Red Jingle Dress Memorial Honoring MMIP Unveiled at Menominee Logging Museum Feb. 14
A Red Jingle Dress living memorial honoring Missing and Murdered Indigenous Peoples will be unveiled Feb. 14 at the Menominee Logging Museum, creating a public space for remembrance.

A Red Jingle Dress living memorial honoring Missing and Murdered Indigenous Peoples (MMIP) will be unveiled Saturday, Feb. 14, from noon to 2 p.m. at the Menominee Logging Museum on the Menominee Tribal Historic Preservation grounds off Highway VV West in Keshena. The public unveiling brings attention to a regional crisis and establishes a visible site for remembrance on tribal land.
The memorial uses the Red Jingle Dress motif to recognize those affected by MMIP and to offer a focal point for community grief and solidarity. Jingle dresses are a long-standing form of dress and dance among many Indigenous nations that often carry themes of healing and prayer; in this setting the red color specifically symbolizes remembrance for missing and murdered Indigenous women, girls, Two-Spirit and transgender relatives.

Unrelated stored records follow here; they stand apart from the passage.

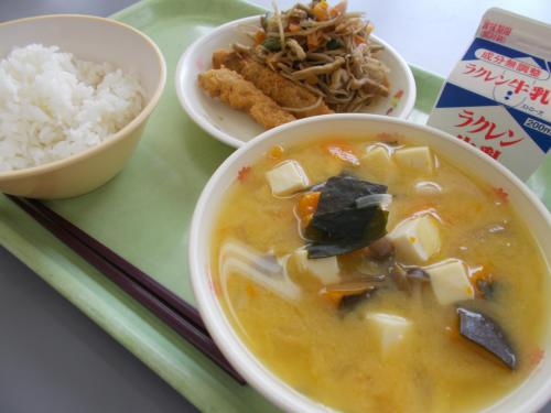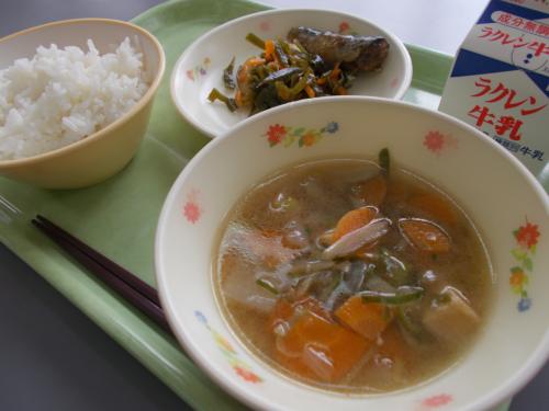 5/7(火)今日の給食 牛乳 ごはん りごぼう汁 いわし生姜煮 くきわかめの炒め煮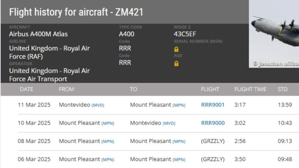 Un avión Airbus A400M Atlas de la Real Fuerza Aérea Británica (RAF) partió hacia las Islas Malvinas luego de realizar una escala en Montevideo, Uruguay, como parte de una serie de misiones de reconocimiento en el Atlántico Sur y la Antártida. La aeronave, identificada como ZM421, opera bajo el control de las Fuerzas Británicas de las Islas del Atlántico Sur (BFSAI, por sus siglas en inglés) y ha reforzado la presencia ilegal militar británica en la región.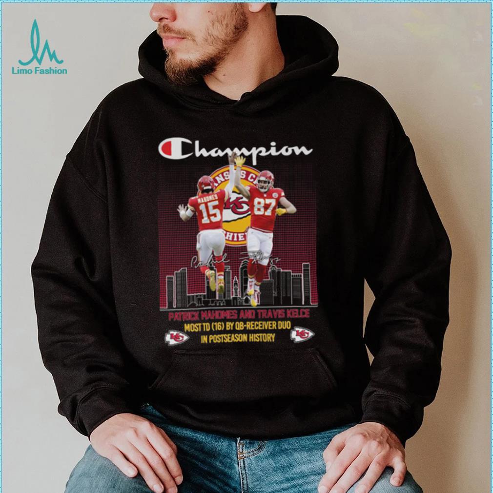 It’s called the Lunar New Year because it marks the first new moon of the Kansas City Chiefs Champions Patrick Mahomes And Travis Kelce T Shirt calendars traditional to many east Asian countries including China, South Korea, and Vietnam, which are regulated by the cycles of the moon and sun. As the New York Times explains, “A solar year the time it takes Earth to orbit the sun lasts around 365 days, while a lunar year, or 12 full cycles of the Moon, is roughly 354 days.” As with the Jewish lunisolar calendar, “a month is still defined by the moon, but an extra month is added periodically to stay close to the solar year.” This is why the new year falls on a different day within that month-long window each year. In China, the 15-day celebration kicks off on New Year’s Eve with a family feast called a reunion dinner full of traditional Lunar New Year foods, and typically ends with the Lantern Festival. “It’s really a time for new beginnings and family gatherings,” says Nancy Yao Maasbach, president of New York City’s Museum of Chinese in America. Three overarching themes, she says, are “fortune, happiness, and health.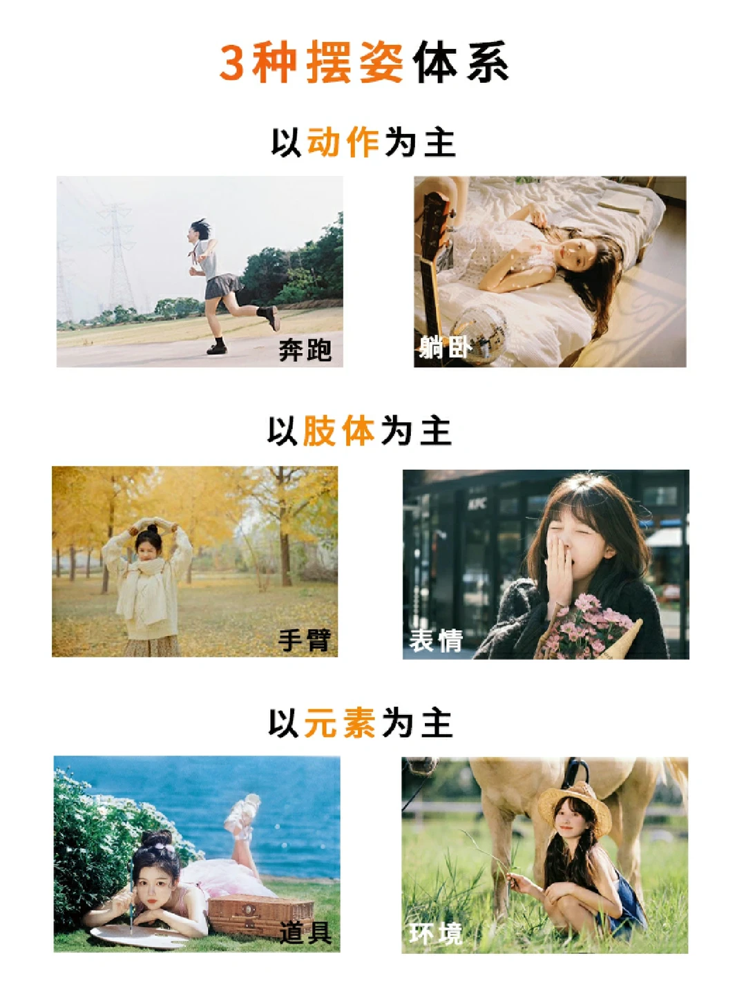 7️⃣摆姿:站/坐/蹲/躺/走/跑等动作;环境/道具/自身等元素;躯干/手臂/后背/眼神/嘴唇等肢体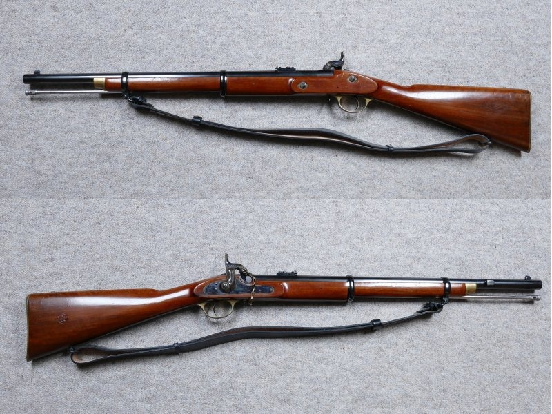 Parker-Hale-Musketoon P/61, mit Riemen und Pistonschutz, Lauf mit 5 progressiven Zügen (an der Mündung 0,005“ tief, an der Schwanzschraube 0,013“), spiegelblanker Lauf, Seriennummer 7942, gefertigt 1973, mit Parker-Hale-Schaftstempel. Direktabzug, äußerlich perfekter Zustand, keine sichtbaren Schuss-Spuren, wahrscheinlich nicht geschossen. Gültiger britischer Beschuss.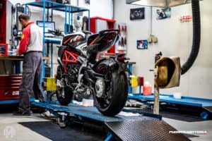 Le motociclette vengono quindi sottoposte una ad una alla verifica qualitativa finale, svolta da un tecnico che armato di chiave dinamometrica e calibro verifica che tutto sia come da progetto evitando che qualcosa sia stato lasciato al caso. Da qui le moto vengono parcheggiate nell’hangar, una volta verniciatura dell’Aermacchi, dove prendono le strade più disparate. Così si conclude il processo produttivo delle MV, semplice ma mai banale e che permetterebbe la realizzazione di 8000 moto all’anno pur mantenendo una elevata cura artigianale, anche se la volontà è quella di tenersi attorno alle 5000 unità. Da segnalare che, con l’introduzione delle versioni Euro IV, tutte le MV Agusta vengono offerte con 36 mesi di garanzia e 3 anni di manutenzione programmata inclusi nel prezzo.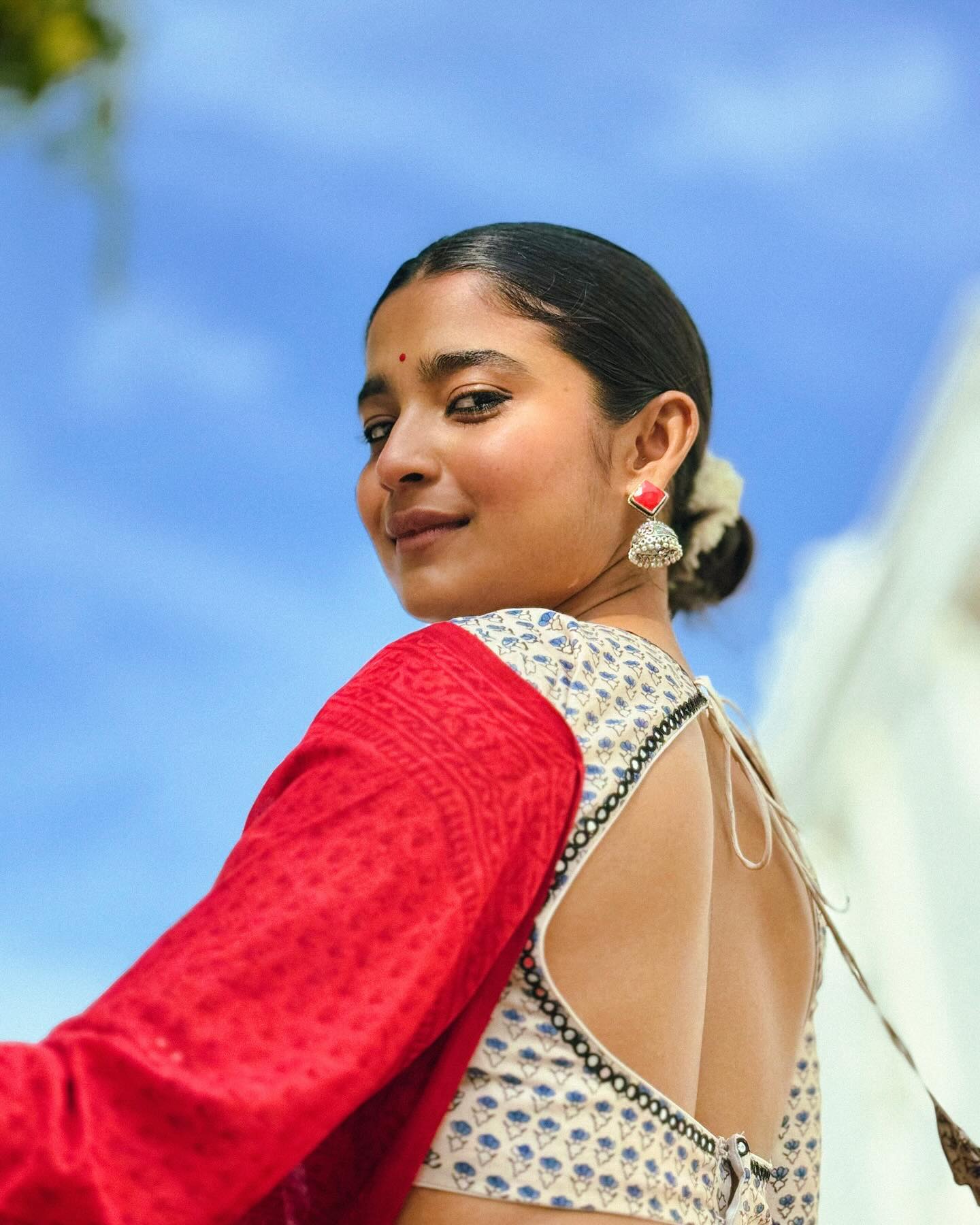 Meenakshi Chaudhary turns heads in red saree, flaunting her hot navel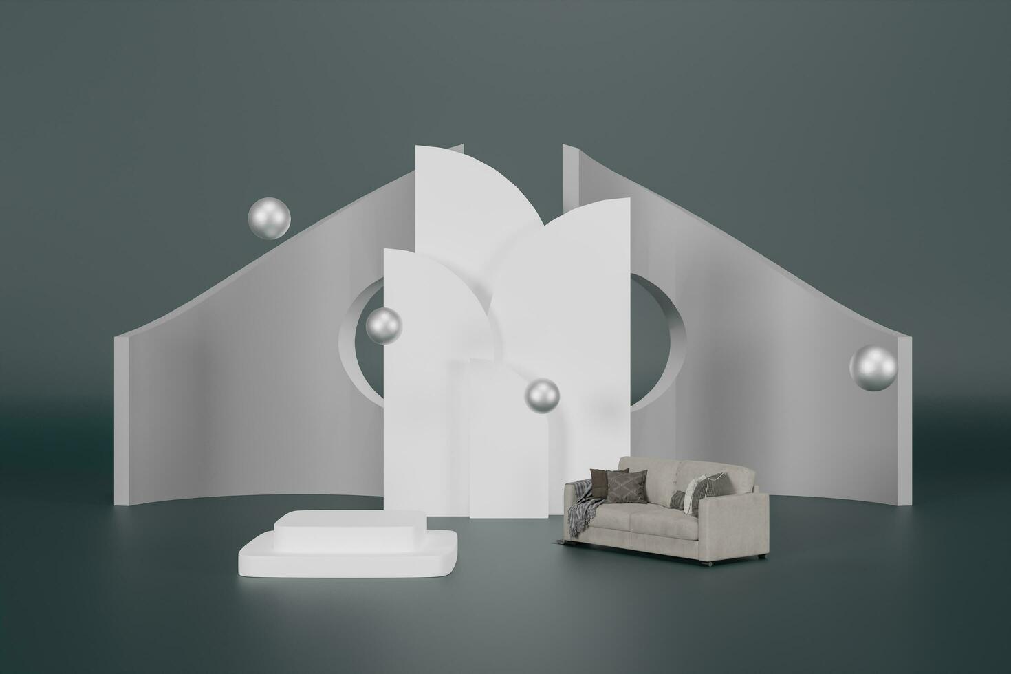 The product showcase is enhanced by a set of geometric shapes that complement the podium and sofa set.3d rendering. Free Photo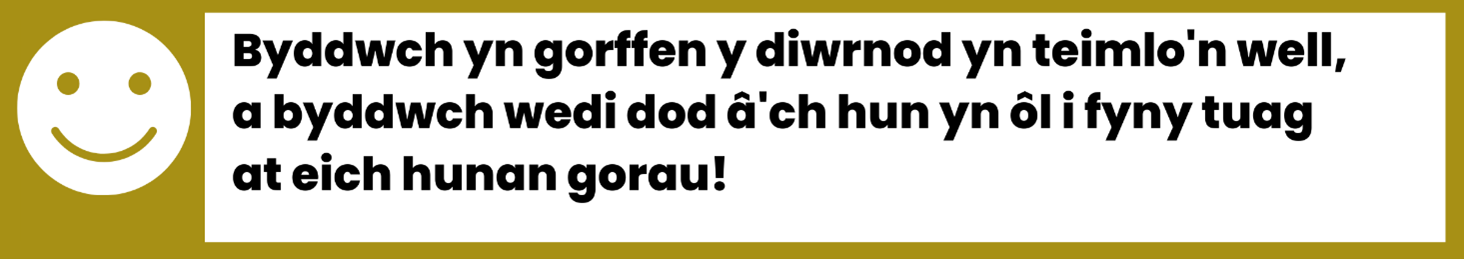 - Os ydych chi'n teimlo unrhyw beth yn llai na'ch hunan gorau, a ydych chi'n gallu meddwl am unrhyw beth a fydd yn eich helpu i symud tuag at eich hunan gorau?

Placement at the Menominee Logging Museum situates the memorial within a locally significant cultural space. The museum and the Menominee Tribal Historic Preservation grounds draw residents and visitors to Keshena, and the addition of the living memorial creates a new site for community gatherings, ceremonies, and education about the MMIP crisis. The event runs two hours on Saturday afternoon, providing an accessible window for family members, tribal citizens, and county residents to participate.
For Menominee County, the memorial is both a cultural statement and a civic signal. It formalizes local recognition of the disproportionate rates of violence and disappearance experienced by Indigenous people across the region, and it anchors awareness work on tribal land rather than in off-reservation venues. By creating a dedicated public display at a local museum, organizers aim to sustain attention beyond a single day and to make remembrance visible to the steady stream of visitors who use Highway VV West to reach Keshena.
The unveiling also has practical implications for local institutions. The Menominee Logging Museum will host the site on its grounds, which may increase foot traffic during museum hours and at future ceremonies. Local service providers, faith groups, and tribal offices that work with families affected by MMIP may use the memorial as a meeting point for support or advocacy activities.
The Feb. 14 event marks a moment of collective recognition for Menominee County and surrounding communities. As the living memorial is revealed on tribal historic preservation grounds, it offers residents a place to remember lost relatives, to support families still seeking answers, and to keep the conversation about MMIP visible in daily community life.